Building on the themes raised during the exhibition visit, the closed-door dialogue with invited Chinese scholars “Living Systems, Dying Data: Bioethics at the Edge” tied together the week’s threads. Rather than treating biomedical AI, digital immortality, bio art, or artificial wombs as separate topics, the discussion used them as lenses to approach a shared question: how far can we reconfigure life, death, and embodiment before losing sight of the values we seek to protect?
Looking Ahead: Ethics as a Design Principle
By the time the delegation left Beijing, Tech&Ethics II had guided the group through three layers of ethical governance in life sciences:
- Infrastructure: where data platforms, AI workflows, and testbeds silently distribute power, risk, and responsibility.
- Culture: encompasses the philosophies, social norms, and artistic practices that influence how new technologies are perceived and evaluated.
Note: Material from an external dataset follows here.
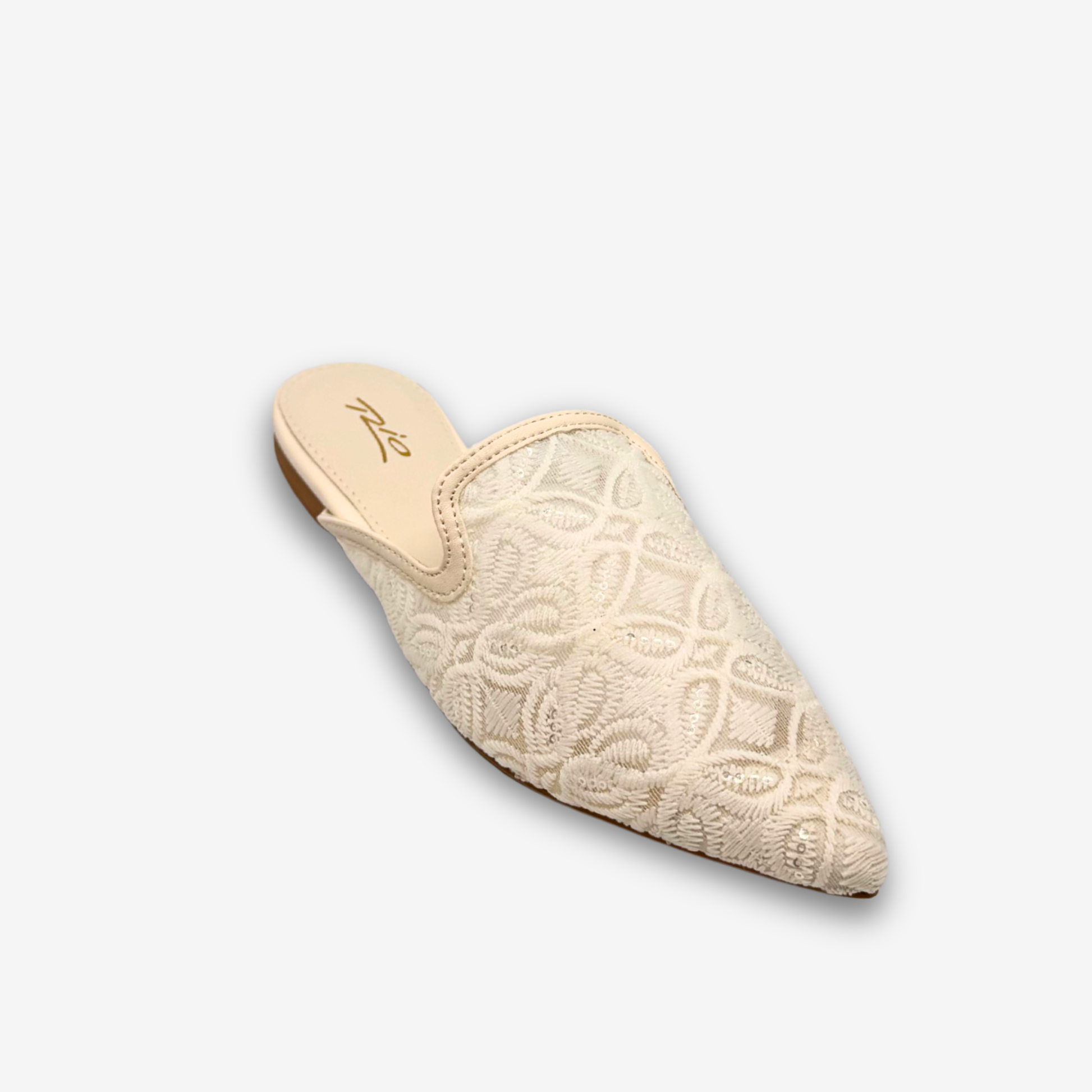 Elegant and easy, this slip-on mule from Rio features a pointed toe and intricate embroidery across a soft fabric upper. The low heel and cushioned insole offer all-day comfort, while the delicate detailing adds a refined touch. Ideal for casual chic looks or semi-formal occasions.

- Practice: hospitals, laboratories, and ethics offices that apply these principles to make daily decisions under the pressures of real-world scenarios.
The program showed that Switzerland and China have complementary strengths. China’s ability to test at scale and Switzerland’s solid safeguards and integrity frameworks form approaches that can reinforce each other.
Tech&Ethics II ultimately suggests that ethical innovation is not an obstacle to progress; it’s a guiding principle in the design process. The most significant ethical decisions are made during the construction of infrastructures, the shaping of narratives, and the establishment of incentives long before a technology reaches patients or consumers.